## What this task involves
Line by line, repeat the data below exactly, beginning at the first line and ending at the line with "Gambar 4. Pengumpulan Peserta Usia 6-12 Tahun". Omit pictures.

## Collected data
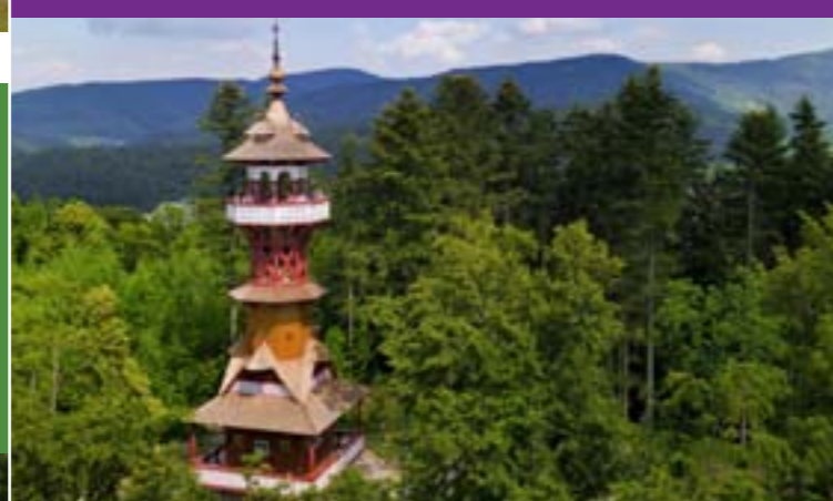
11 - Jurkovicova wieża widokowa, Rožnov pod Radhostem

W sezonie letnim można korzystać z otwartych kąpielisk w miejscowościach Novy Hrozenkov, Zdechov, Velke Karlovice, Vigantice, Hutisko – Solanec, Rožnov pod Radhostem czy też Valasske Mezirici. Do ulubionych należą też śluza przy auto-kempingu w miejscowości Hovezi, zapora Bystricka czy zapora w Górnej Beczwie (Horni Becva).
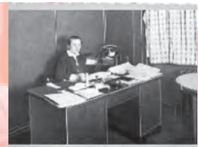
Marie Juchacz, Gründerin der AWO
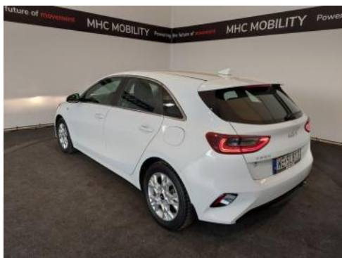
Fot. 9 Przekątna tylna lewa
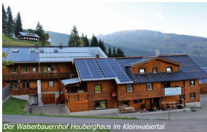
Der Walserbauernhof Heuberghaus im Kleinwalsertal

Das Haus bietet vom 10. bis 15. Juni 2019 Platz für 53 Jungen und
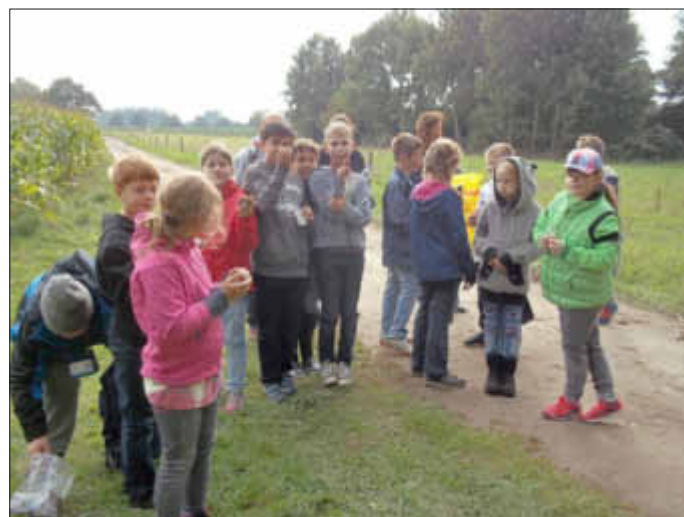
Klasse 4b GS-Steinhagen

Viel zu schnell verging die schöne Zeit im Wald und wir danken Herrn Ansorge aus dem Forstamt Schuenhagen wieder einmal ganz herzlich für die interessante Wanderung durch unseren Steinhäger Forst.
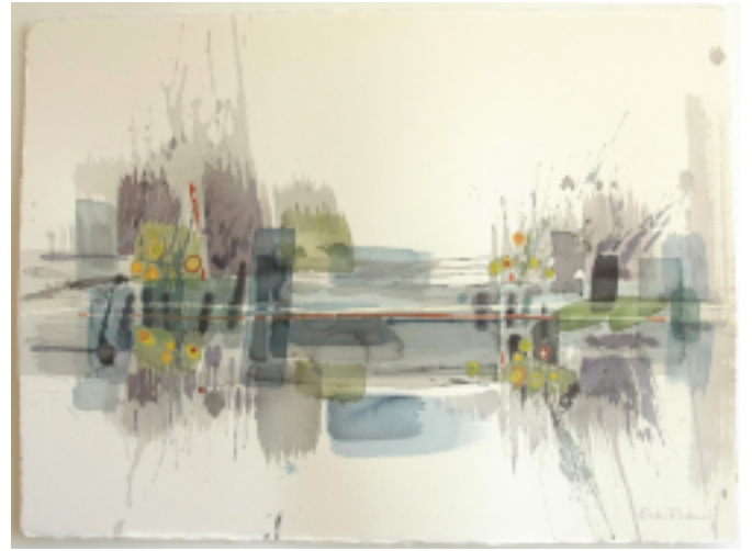
Kicki Rask måleri, design
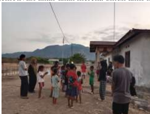
Gambar 4. Pengumpulan Peserta Usia 6-12 Tahun

bagi anak-anak di desa. Kepala Desa turut memberikan dukungan dan dorongan kepada para orang tua agar mengizinkan sekaligus memotivasi anak-anak mereka untuk aktif mengikuti kegiatan literasi.
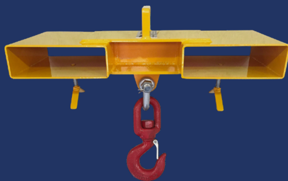
GANCHO GIRATÓRIO COM TRAVA

Movimente cargas em geral com mais segurança e substitua o improvisado com cordas e correntes.
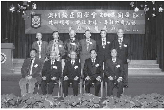
在澳門培正中學鑽禧慶典
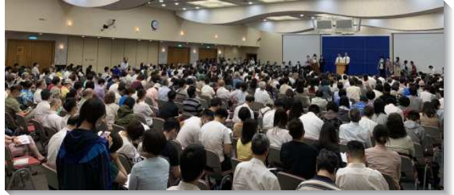
▲信基區夏季現場訓練在信基大樓地下二樓舉行

訓練裏各專項都顯出蒙恩的情形：青職弟兄們藉著配搭每堂聚會的領詩以及末了信息加強，在話語和靈上受操練。大學生於大學現場訓練結束後，從中部相調中心趕回台北，繼續參加大區現場訓練，渴慕被主的話浸透。青少年不僅坐在台下參加，也操練上台分享。兒童

## Result for this exercise
11 - Jurkovicova wieża widokowa, Rožnov pod Radhostem

W sezonie letnim można korzystać z otwartych kąpielisk w miejscowościach Novy Hrozenkov, Zdechov, Velke Karlovice, Vigantice, Hutisko – Solanec, Rožnov pod Radhostem czy też Valasske Mezirici. Do ulubionych należą też śluza przy auto-kempingu w miejscowości Hovezi, zapora Bystricka czy zapora w Górnej Beczwie (Horni Becva).
Marie Juchacz, Gründerin der AWO
Fot. 9 Przekątna tylna lewa
Der Walserbauernhof Heuberghaus im Kleinwalsertal

Das Haus bietet vom 10. bis 15. Juni 2019 Platz für 53 Jungen und
Klasse 4b GS-Steinhagen

Viel zu schnell verging die schöne Zeit im Wald und wir danken Herrn Ansorge aus dem Forstamt Schuenhagen wieder einmal ganz herzlich für die interessante Wanderung durch unseren Steinhäger Forst.
Kicki Rask måleri, design
Gambar 4. Pengumpulan Peserta Usia 6-12 Tahun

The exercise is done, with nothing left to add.